**What you will do:**
Up to and including the line bearing "concentrado Vegetais preparado.", output every line of the entries exactly as written, starting from the first; pictures stay out.

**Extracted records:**

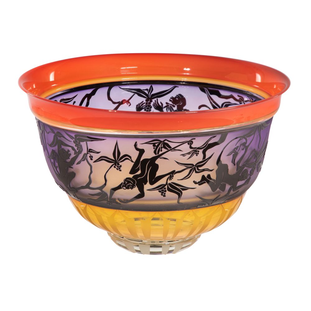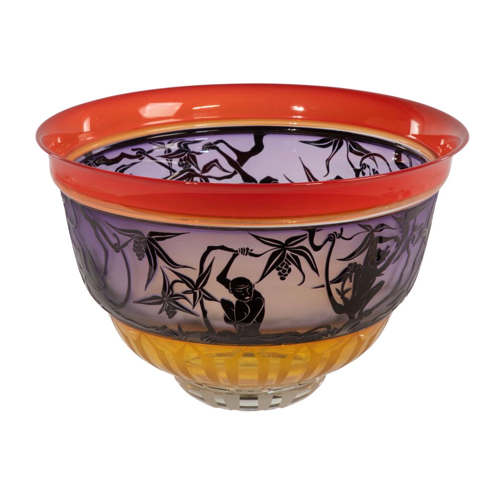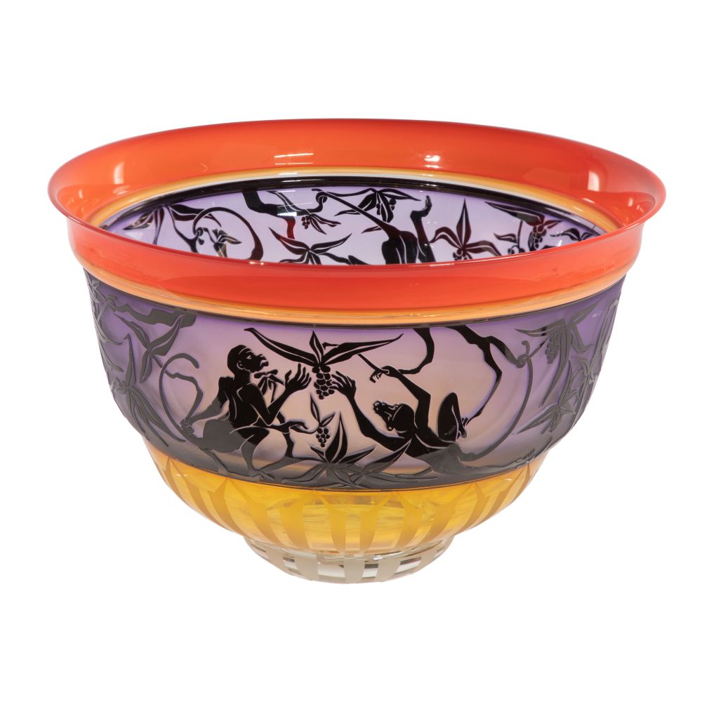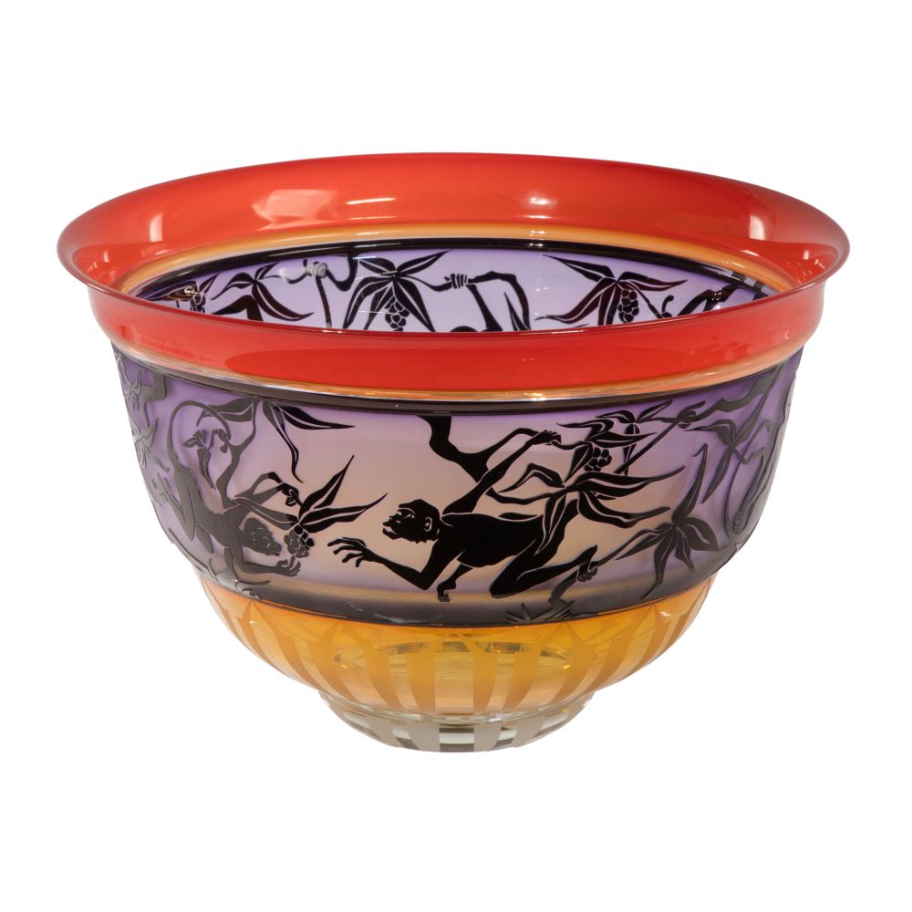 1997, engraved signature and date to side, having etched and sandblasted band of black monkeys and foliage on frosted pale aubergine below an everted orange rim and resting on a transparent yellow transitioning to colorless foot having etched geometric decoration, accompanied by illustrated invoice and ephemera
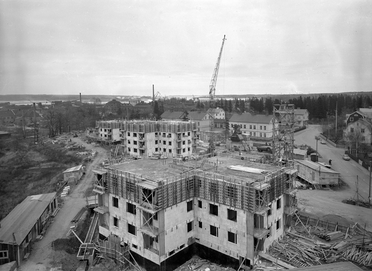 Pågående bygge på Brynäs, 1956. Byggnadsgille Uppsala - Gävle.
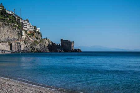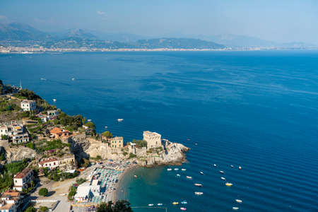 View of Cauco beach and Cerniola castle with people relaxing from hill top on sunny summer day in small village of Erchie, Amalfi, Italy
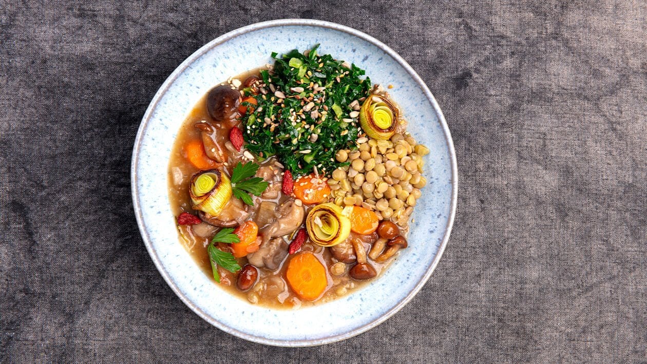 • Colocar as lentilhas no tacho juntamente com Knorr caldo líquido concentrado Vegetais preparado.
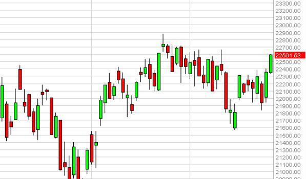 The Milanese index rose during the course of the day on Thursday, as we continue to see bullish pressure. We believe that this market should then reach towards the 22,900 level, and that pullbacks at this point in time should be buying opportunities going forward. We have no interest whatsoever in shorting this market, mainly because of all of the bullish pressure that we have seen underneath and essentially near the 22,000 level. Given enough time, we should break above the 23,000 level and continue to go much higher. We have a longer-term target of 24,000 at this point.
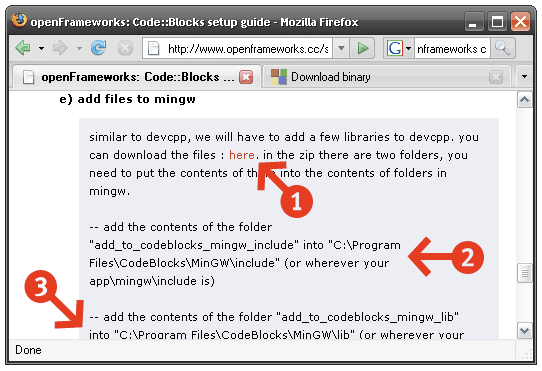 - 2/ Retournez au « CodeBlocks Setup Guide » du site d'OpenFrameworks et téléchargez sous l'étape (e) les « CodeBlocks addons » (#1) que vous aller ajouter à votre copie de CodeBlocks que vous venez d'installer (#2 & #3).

**Result of this exercise:**
 1997, engraved signature and date to side, having etched and sandblasted band of black monkeys and foliage on frosted pale aubergine below an everted orange rim and resting on a transparent yellow transitioning to colorless foot having etched geometric decoration, accompanied by illustrated invoice and ephemera
 Pågående bygge på Brynäs, 1956. Byggnadsgille Uppsala - Gävle.
 View of Cauco beach and Cerniola castle with people relaxing from hill top on sunny summer day in small village of Erchie, Amalfi, Italy
 • Colocar as lentilhas no tacho juntamente com Knorr caldo líquido concentrado Vegetais preparado.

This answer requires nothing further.